ABSTRACT

We have already pointed out that German romanticism did not originally develop as an absolute antithesis to classicism. Modern research in the field of biography, history, ethnology (Nadler), philosophy (Ziegler, Spranger, Unger, F. Koch), esthetics (Wölfflin, Worringer) has done much to further our understanding of the irrational sublimation and dissolution of classic harmony. Rationalism thus appears, one might say, as the thesis, irrational “storm and stress” as the antithesis, classicism as the synthesis.

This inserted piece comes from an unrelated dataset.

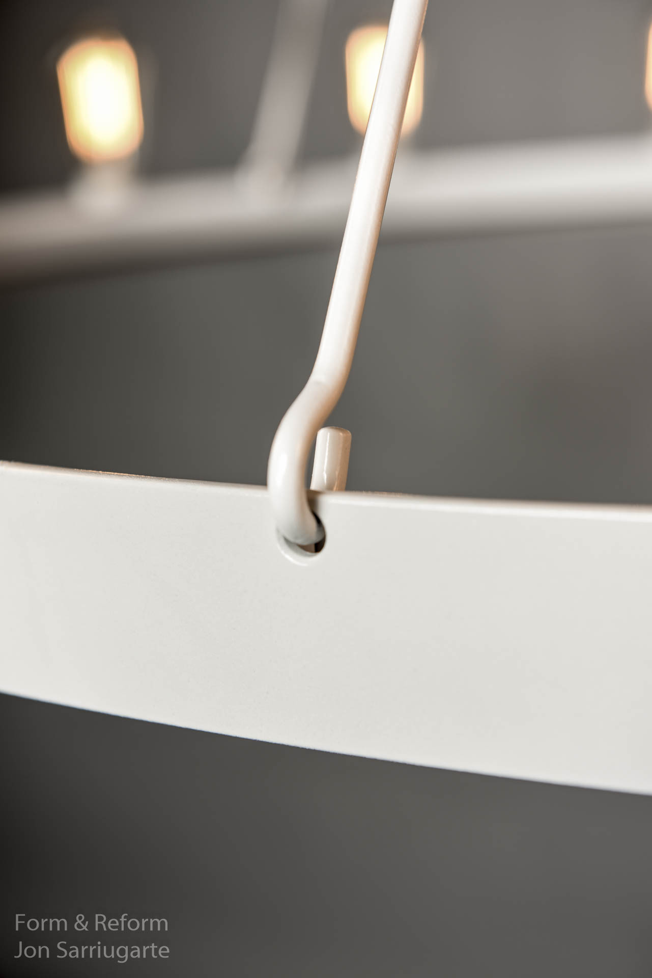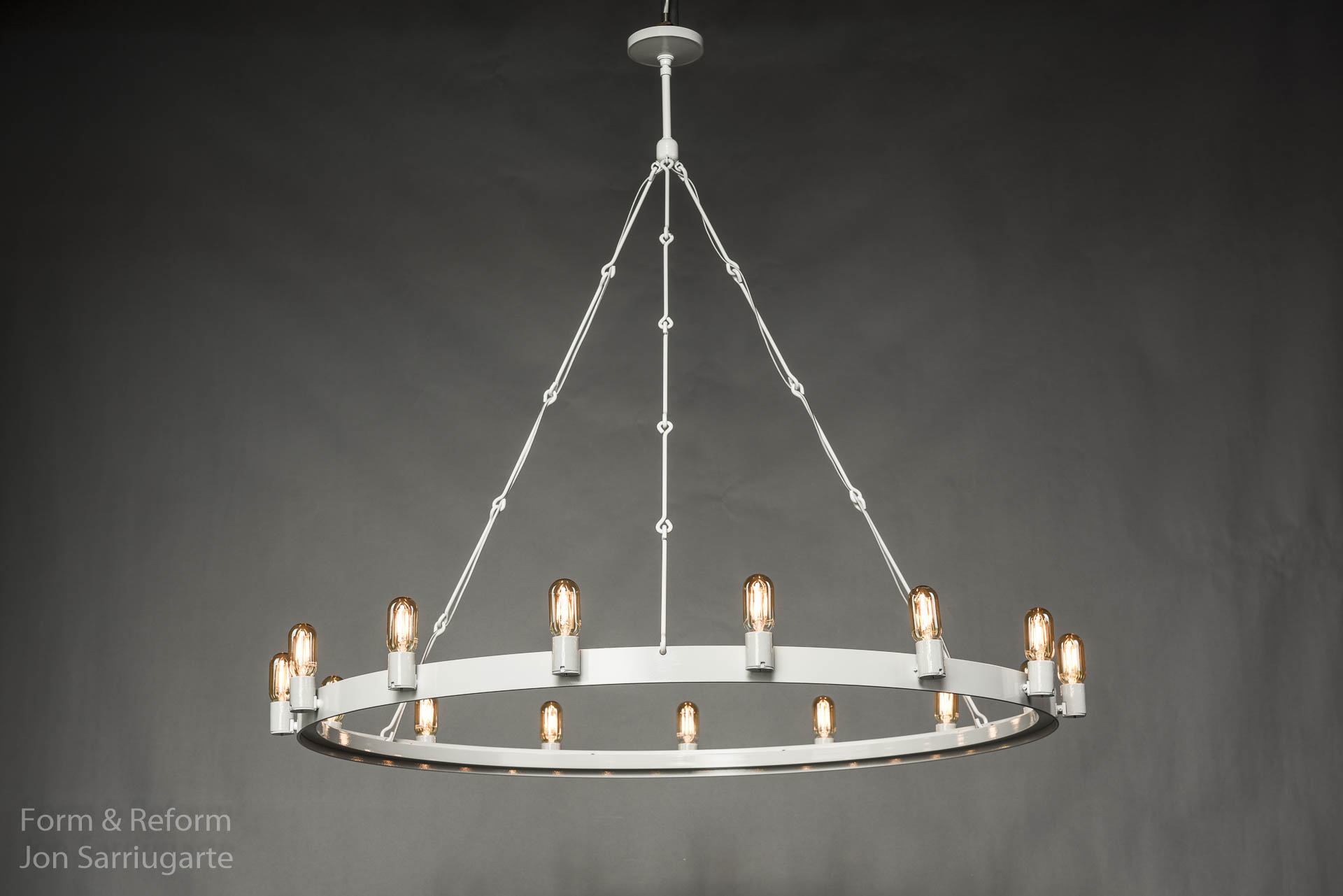 These lights were made for a former and much loved client who outfitted their restaurant, Camino, with an early rendition of our signature ring lights. While opening Kebabery, an eatery in North Oakland they decided to brighten the space with a couple of single tier versions of their Camino chandeliers but in white.

As romanticism is their sublimation, it must by no means be regarded as a symptom of decadence. Today we recognize in romanticism features which are common to all European literature of the period. The old-fashioned conception of “romantic schools” developing from one centre (Jena) and subsequently dividing into older and younger schools can no longer be taken seriously. Romanticism appeared simultaneously at the most various places and one cannot possibly speak of a later movement developing from an earlier one, since F. Baader, for instance, is more nearly related to the “storm and stress” than to early romanticism. Moreover, romanticism is rooted in spiritual and psychological inclinations which vary according to the individual and the race. In our present study, however, we are concerned with the particular qualities of German romanticism as a phenomenon that appeared at a given moment in history, namely at the beginning of the nineteenth century.